One thought on “US soldier to be jailed for self defense

  1. [AWildDuck received and authenticated this response from Diana West]…

    Dear Ellery,
    Thank you for the kind words, and for inviting me to respond.

    Your befuddlement over the strange sequence of events in the case is not surprising, but I don’t see how it undermines my latest post on this “self-defense” aspect of the case. (There were other legal issues on appeal, which I did not address this time.)

    The US military, as I’m sure you know, continually engaged in “catch and release” in Iraq, one manifestation of the horrors of the urban guerilla war George W. Bush disastrously (and to no lasting benefit) ordered tens of thousands Americans and allied troops.

    Ali Mansur was a prime suspect in IED attacks on Americans which had recently killed two men in Behenna’s platoon.

    Intelligence linked Mansur to “al Qaeda” in Iraq, and, he was captured with incriminating evidence.

    After being “caught,” however, Mansur was “released.”

    “Insufficient” evidence” — although what is “sufficient” under these conditions? (I wouldn’t be surprised to learn that Mansur was released because the prison too crowded, or that Mansur had a connection in high places — who knows? But that’s not part of the case.)

    Behenna was then, yes, ordered to take Mansur home. That’s an uncontested fact.

    Why Behenna? I don’t know — I would guess the “logic” was because Mansur lived in “his” area. This strikes me as a failure or breach in the command structure but never to my knowledge entered the case.

    Behenna (likely suffering from PTSD) believed he, himself could get the information necessary to put Mansur back in jail so he didn’t take Mansur home. He took him to a secluded culvert to engage in an interrogation for which he, Behenna, was neither trained nor authorized. (I am pretty positive this unauthorized interrogation never even made it into the charges against him.)

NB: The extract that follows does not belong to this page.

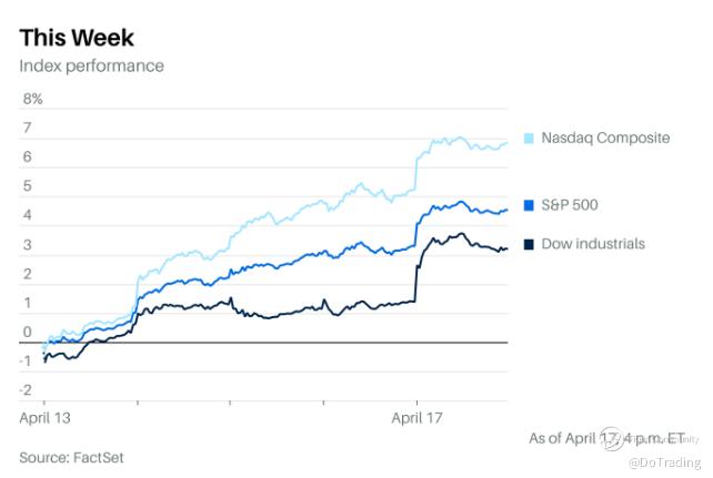 The $S&P 500(.SPX)$ also reached record levels, gaining 4.5% for the week, while the Dow Jones Industrial Average jumped 1,531 points, or 3.2%.
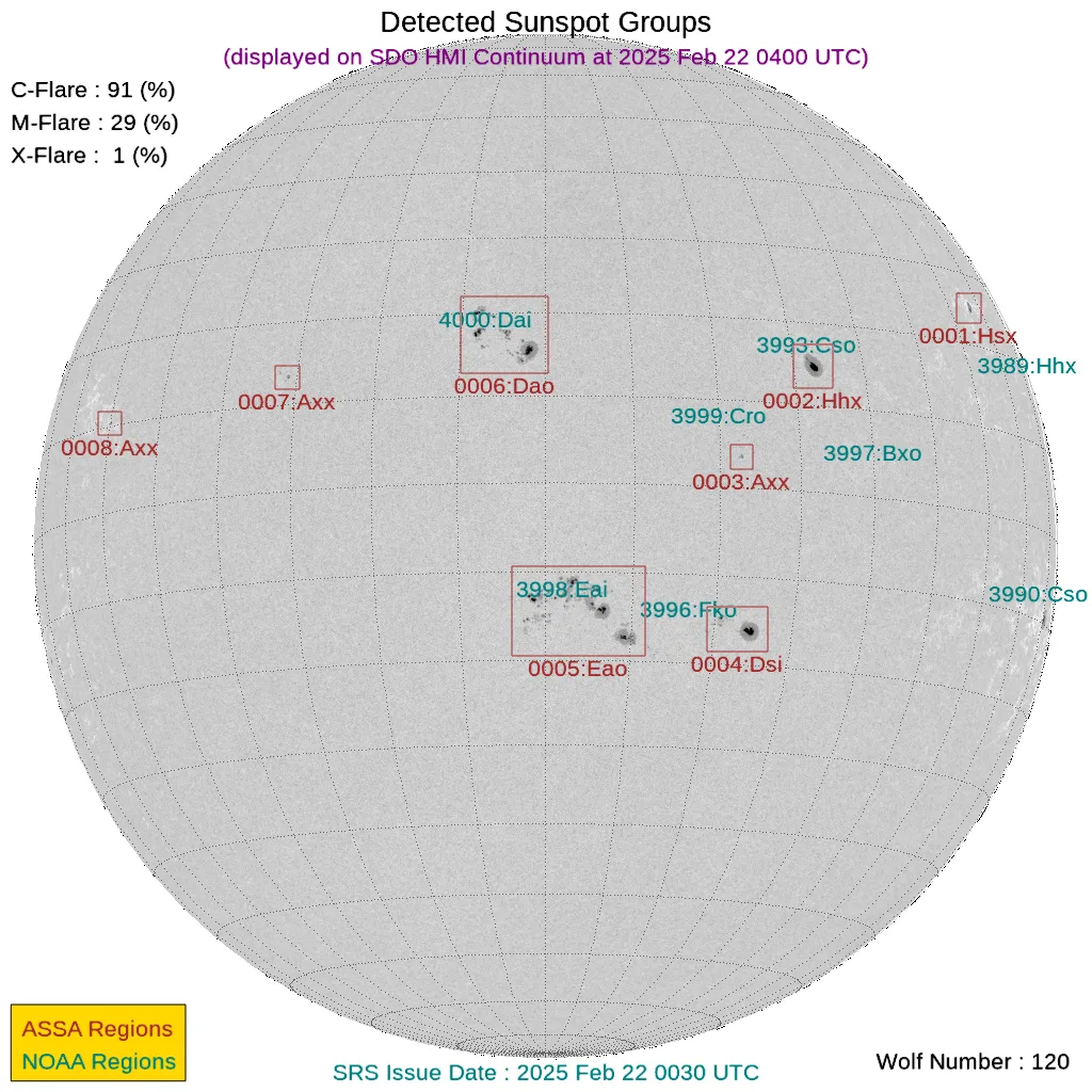 太陽フレアと黒点数(2025年02月22日更新)※中規模太陽フレア&CME到着予測あり

    Behenna threatened Mansur with death unless Mansur told him the truth. He had Mansur drop his clothes to nakedness, as you noted.

    – Mansur sat on a rock. Behenna stood, pistol drawn.
    (Prosecution originally argued that Behenna executed him, sitting on the rock, in cold blood, but the forensics matched Behenna’s account of being rushed.)
    – Mansur chucked a chunk of concrete.
    – When Behenna was distracted, Mansur rushed him.
    – Behenna fired in self-defense.

    The court ruled he had no right to self-defense at that time because he, Behenna, was the so-called initiator of the aggression. (A side question: Wasn’t the invasion itself also an initiation of aggression?)

    The implication here is that in these few life or death seconds, Behenna had to allow Mansur to kill him in order to remain within the law.
    Personally, I find this despicable.

    For“unlawfully” reclaiming his “right to self defense,” Behenna now pays with 15 years of his life.

    It is as if the judges were ruling on wind-up toys in playpen — no context was permitted to inform their analysis of events. Indeed, the court ruled out any and all consideration of war conditions, saying this incident took place “off the battlefield.”

    I find that outrageous, too. Where, tell me, in Iraq was anyplace “off the battlefield.”

    Did justice prevail?


    Coda regarding clemency.

    We have released thousands, probably tens of thousands, of detainess, many murderers with blood on their hands, in Iraq and Afghanistan to show clemency and promote “reconciliation.” Why not show the same clemency and reconciliation to American servicemen like Behenna who wanted to sign up after 9/11, who are not murderers but served their country under untenable conditions imposed on them by their leaders, military and civilian?


    PS. I didn’t write that post “for” radicalism.org but rather posted it on my own blog, dianawest.net — where there are many, many posts and columns on Behenna and other imprisoned US soldiers known as the Leavenworth Ten.